Transcribe every line from the one containing "Fototapeten Rosa Version" through the end of the records below, exactly, but not the pictures.

(Beginning of Input)

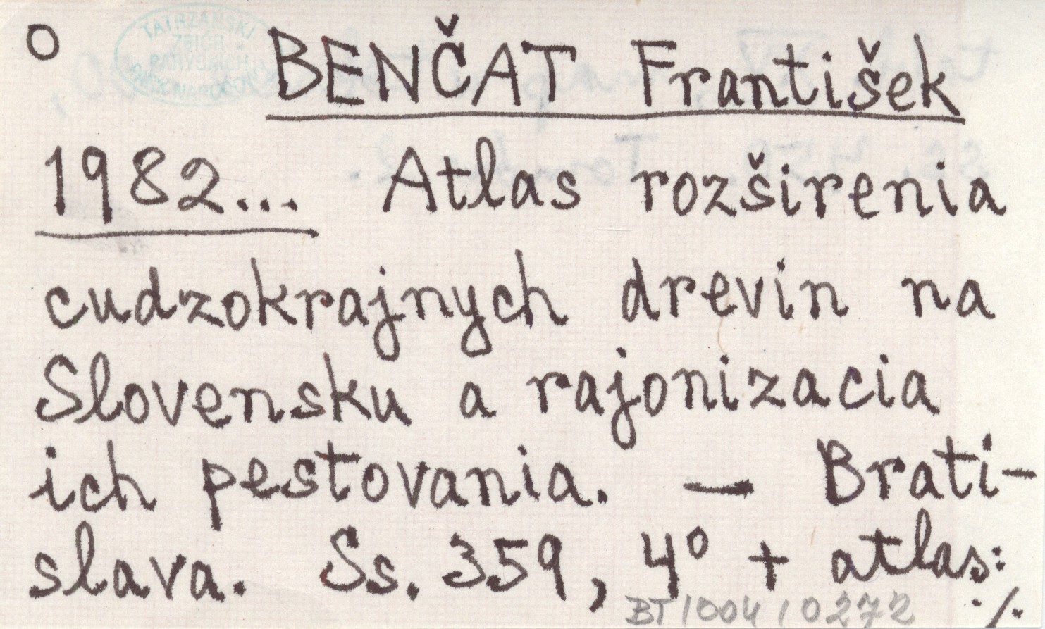 BENČAT František 1982... Atlas rozširenia cudzokrajnych drevin na Slovensku a rajonizacia ich pestavania.
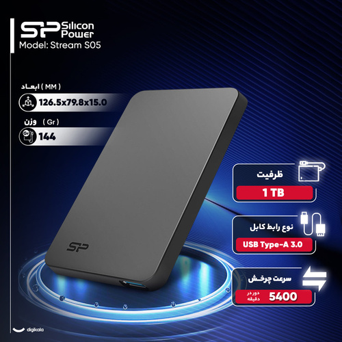 هارد اکسترنال سیلیکون پاور Stream S05 با ظرفیت یک ترابایت طراحی شده تا کاربران تجربه‌ای ساده، سریع و قابل حمل از ذخیره‌سازی داده‌ها داشته باشند. بدنه دستگاه از پلاستیک مات ساخته شده که مقاومت بالایی در برابر خط و خش و گرد و غبار دارد و اثرانگشت روی آن باقی نمی‌ماند، بنابراین ظاهر هارد همواره تمیز و مرتب باقی می‌ماند. وزن سبک 144 گرمی و ابعاد کوچک 126.5x79.8x15 میلی‌متر، حمل و نقل آن را آسان کرده و اجازه می‌دهد در کیف لپ‌تاپ یا کوله‌پشتی قرار گیرد. فرم فکتور 2.5 اینچی و سرعت چرخش 5400 دور در دقیقه، انتقال داده‌ها را با ثبات و سرعت مناسب ممکن کرده است. رابط USB 3.0 Gen 1، حداکثر سرعت انتقال تا پنج گیگابیت بر ثانیه را ارائه می‌دهد که نسبت به نسل قبل تا ده برابر سریع‌تر است و مدیریت فایل‌های حجیم و پشتیبان‌گیری از داده‌ها را آسان می‌کند. نشانگر LED روی هارد، وضعیت فعالیت و انتقال اطلاعات را نمایش می‌دهد و کاربر می‌تواند بدون نگرانی از عملکرد صحیح دستگاه، آن را به سیستم وصل یا جدا کند. Stream S05 با دستگاه‌های مختلف شامل کامپیوتر و لپ‌تاپ‌های ویندوز و مک، تبلت و گوشی موبایل سازگار است و از سیستم‌عامل‌های Windows، Mac OS و Linux پشتیبانی می‌کند. اقلام همراه شامل کابل USB و دفترچه راهنما، نصب و راه‌اندازی هارد را ساده کرده و نیاز به تجهیزات جانبی اضافی را از بین می‌برد. در مجموع، سیلیکون پاور Stream S05 با ترکیبی از بدنه مقاوم، وزن سبک، سرعت مناسب و ابعاد جمع‌وجور، گزینه‌ای کاربردی و قابل اعتماد برای کاربران عادی و حرفه‌ای محسوب می‌شود و تجربه‌ای راحت و مطمئن از ذخیره‌سازی داده‌ها ارائه می‌دهد.
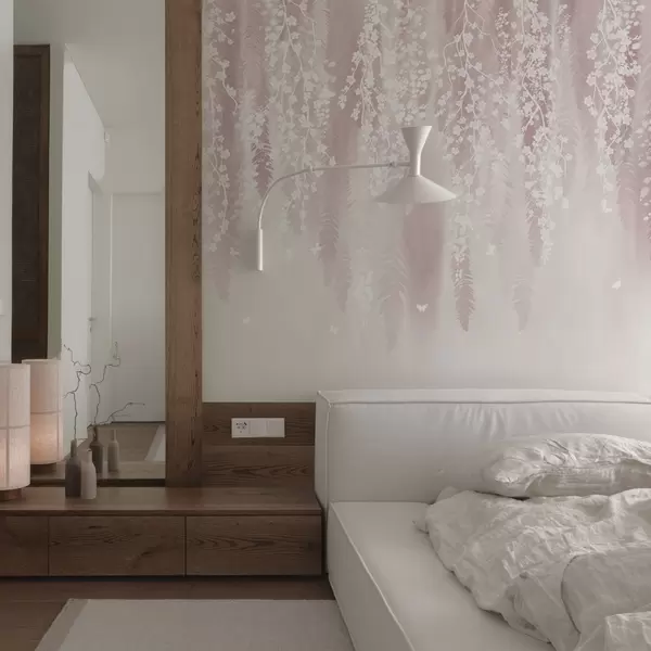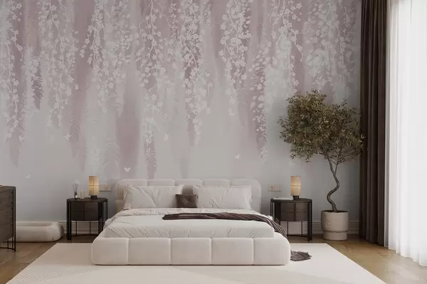 Fototapeten Rosa Version der Zweige mit weißen Blüten N° w04417v1
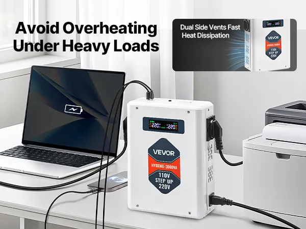 Q: What power rating should I choose for my voltage converter? A: Check your device's power rating (in watts) and ensure the converter's rated power is equal to or greater than your device's power. If your devices total 1600W, we recommend choosing a converter rated at 2000VA or higher for more secure operation.
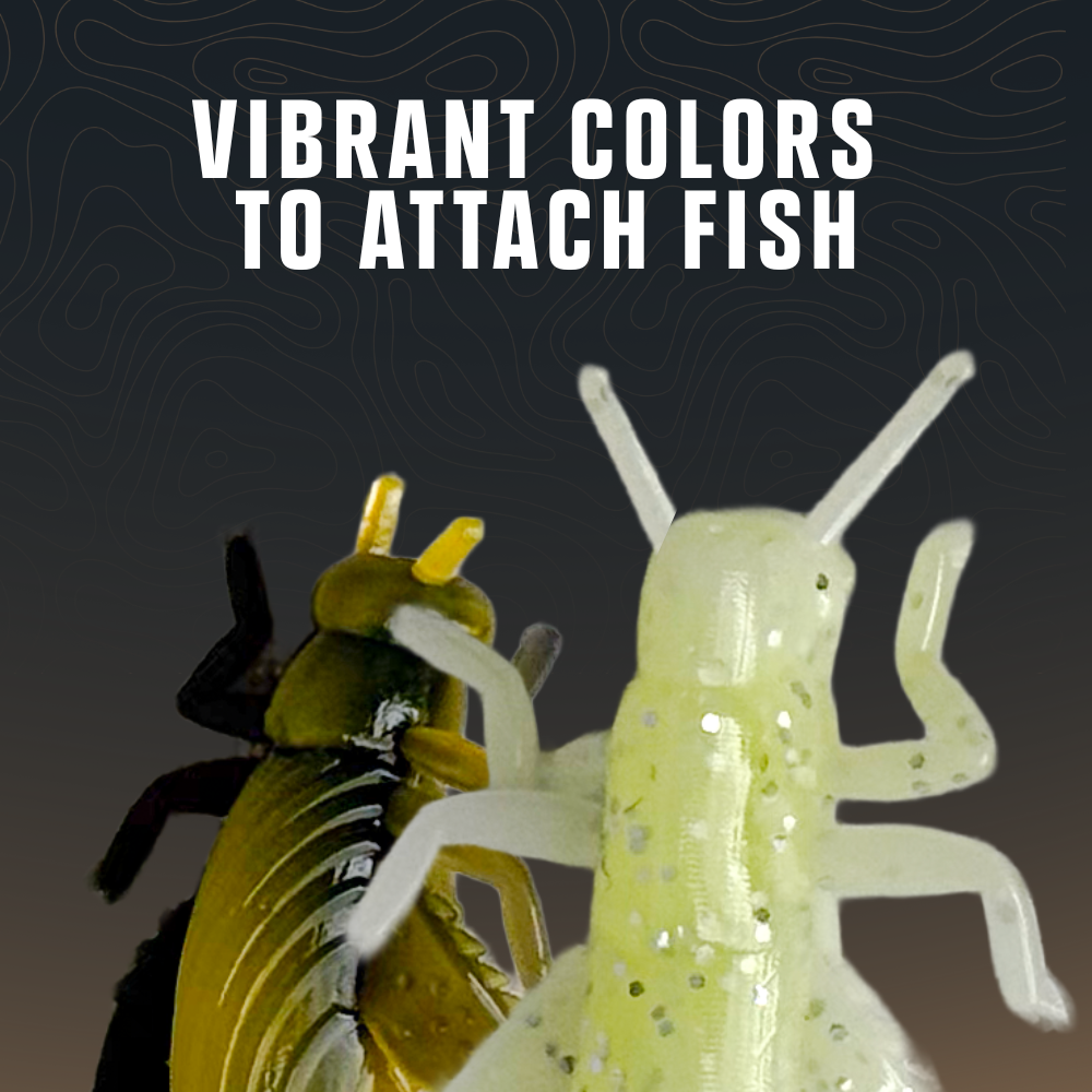 Size: 1.25" Crickets + 1.75" Grasshoppers Pack Count: 10 total (5 of each) Best for: Finesse setups, creeks, and picky bass
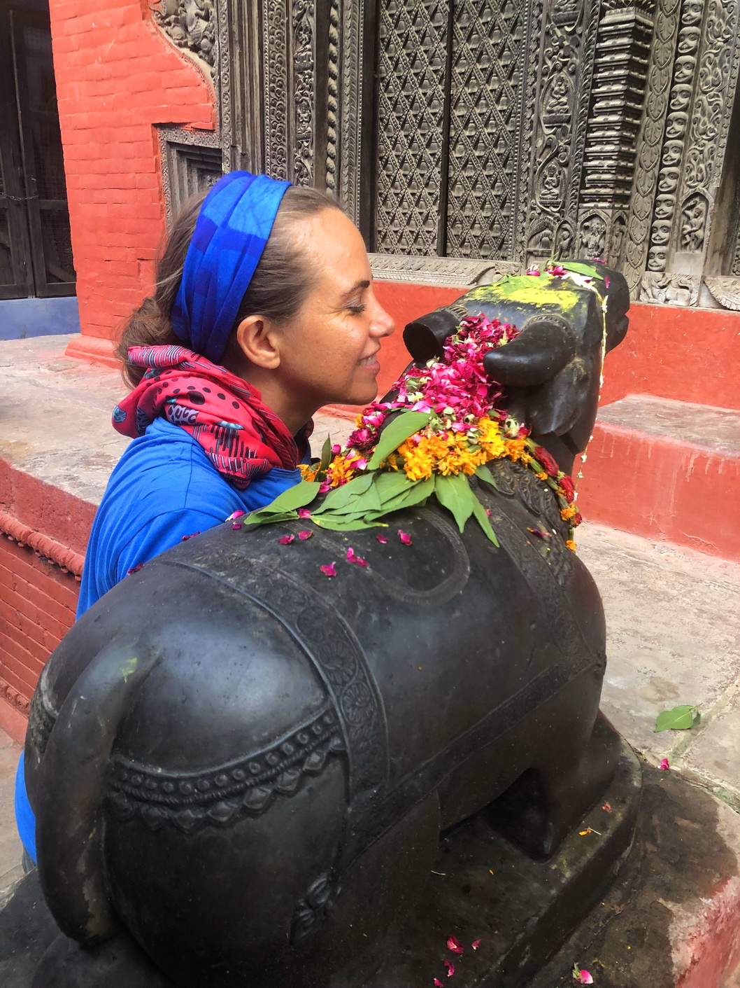 Yaşam ile ölüm arasındaki çizgi... Varanasi!Girişinde yer alan büyük çanı çalarak içeri girmemiz söyleniyor. Sonradan da gördüğümüz neredeyse bütün tapınakların girişinde küçük-büyük illa bir çan bulunuyor. Çanı çaldığınızda Tanrı’ya geldiğinizi haber veriyormuşsunuz… Tapınağın bahçesindeki Nandi, Shiva’nın kutsal hayvanı olan öküzü… Eğer Nandi’nin kulağına dileğini söylersen o Shiva’ya söyleyeceği, sonra da dileğinin hemen olacağına inanılıyor. Shiva üç büyük Tanrı’dan biri ve sürekli meditasyonda olduğundan Nandi O’nun aracısıymış… Fırsat bu fırsat hemen dileğimi kulağına fısıldıyorum tabii… Ay Hindistan gezisinde ne çok dilek diledim ben bile hatırlamıyorum 🙂

(End of Input)

**Exercise response:**
 Fototapeten Rosa Version der Zweige mit weißen Blüten N° w04417v1
 Q: What power rating should I choose for my voltage converter? A: Check your device's power rating (in watts) and ensure the converter's rated power is equal to or greater than your device's power. If your devices total 1600W, we recommend choosing a converter rated at 2000VA or higher for more secure operation.
 Size: 1.25" Crickets + 1.75" Grasshoppers Pack Count: 10 total (5 of each) Best for: Finesse setups, creeks, and picky bass
 Yaşam ile ölüm arasındaki çizgi... Varanasi!Girişinde yer alan büyük çanı çalarak içeri girmemiz söyleniyor. Sonradan da gördüğümüz neredeyse bütün tapınakların girişinde küçük-büyük illa bir çan bulunuyor. Çanı çaldığınızda Tanrı’ya geldiğinizi haber veriyormuşsunuz… Tapınağın bahçesindeki Nandi, Shiva’nın kutsal hayvanı olan öküzü… Eğer Nandi’nin kulağına dileğini söylersen o Shiva’ya söyleyeceği, sonra da dileğinin hemen olacağına inanılıyor. Shiva üç büyük Tanrı’dan biri ve sürekli meditasyonda olduğundan Nandi O’nun aracısıymış… Fırsat bu fırsat hemen dileğimi kulağına fısıldıyorum tabii… Ay Hindistan gezisinde ne çok dilek diledim ben bile hatırlamıyorum 🙂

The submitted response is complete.